Please return the full listing word for word, leaving out any pictures.

• **The data**:
== Segment start ==
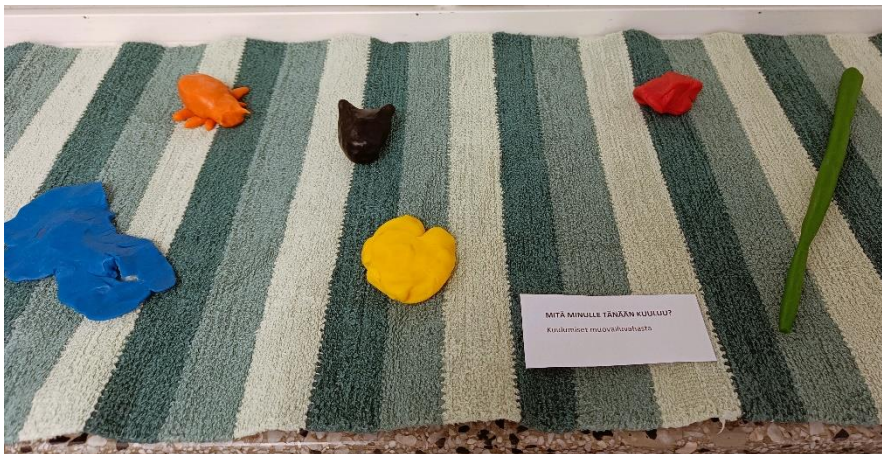
Kuva 10: Mitä minulle tänään kuuluu? Viidennen taidetuokion virittäytymisessä tehdyt kuulumiset muovailuvahasta.
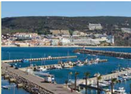
Sesimbra Walking Tour | a decorrer
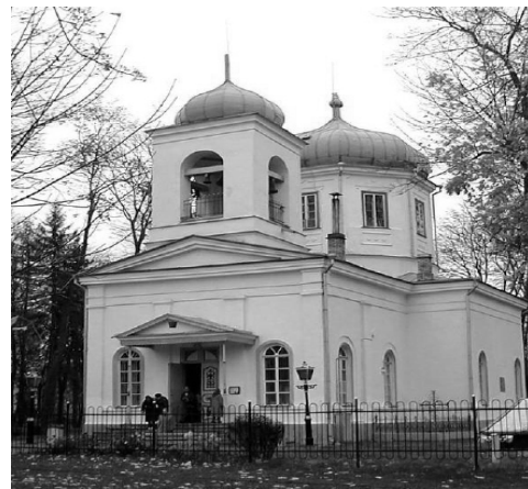
Rēzeknes Visssvētās Dievmātes piedzimšanas pareizticīgo baznīca (Latgalē)
== Segment end ==
• **Expected output**:
Kuva 10: Mitä minulle tänään kuuluu? Viidennen taidetuokion virittäytymisessä tehdyt kuulumiset muovailuvahasta.
Sesimbra Walking Tour | a decorrer
Rēzeknes Visssvētās Dievmātes piedzimšanas pareizticīgo baznīca (Latgalē)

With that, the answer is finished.